Companies looking on open source Hadoop development before they deploy the data processing system are like characters from Samuel Beckett's play Waiting for Godot, says analyst Gartner.
The indecision of the tragic characters in the play is now being played out by those companies not moving to try out Hadoop and big data solutions in general, said Gartner analyst Merv Adrian in a presentation to this week's Teradata Partners user conference in Nashville.
He said: "Waiting for Godot reminds me of IT, big data investments are on the rise but it is still surprising how many organisations are still waiting. In Godot, one character says 'let's go', and the other says 'no, let's wait a little longer', and it goes on."
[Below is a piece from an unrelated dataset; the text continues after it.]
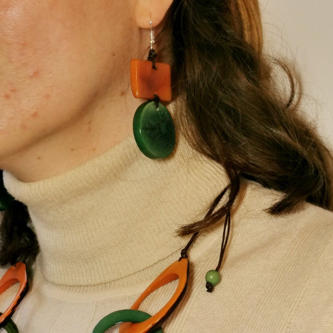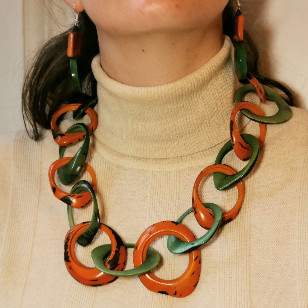 Questa Set Avorio vegetale – Orange Loop rappresenta un gioiello assolutamente unico nel suo genere, un pezzo che racconta storie di terre lontane e tradizioni millenarie. Realizzata interamente in avorio vegetale, questa collana nasce dalla sapiente lavorazione artigianale delle comunità sudamericane che da generazioni custodiscono i segreti di quest’arte. L’avorio vegetale, conosciuto anche come Tagua o Corozo, è il seme della palma Phytelephas che cresce nelle rigogliose foreste pluviali del Sud America.

Those planning for or deploying big data, he said, want to monetise data, use it for marketing and to achieve sales growth, support new products and services, manage risk and improve fraud detection, and improve operational and financial performance.
"On big data, Hadoop is the area we get the most enquiries about every month, but with the ever growing Hadoop distributions and features, the biggest complication to adopting Hadoop is building your stack. The early adopters just downloaded the system from Apache themselves, but as we move on we have to get away from command line deployments for wider enterprise use."
Adrian said 70 percent of companies who have invested in big data have mostly done so for pilots, with only 12 percent using big data in full production environments. He said 2015 will see a "rapid rise" in full big data deployments, and that Hadoop will help lead the way.
Adrian said Yarn for Hadoop would kickstart deployments as it enables cluster research management to support batch processing, supports interactive SQL, in-memory working, streaming and events and search, as well as noSQL operations. "Yarn changes the game, it all starts here. It is certain, even though in Godot they say 'Nothing is certain'."
He also tipped Hadoop Spark as a major driver for 2015 adoption as it was an in-memory and on-disk execution engine for the multiple re-use of data, with interactive data mining. Spark will come to market next year.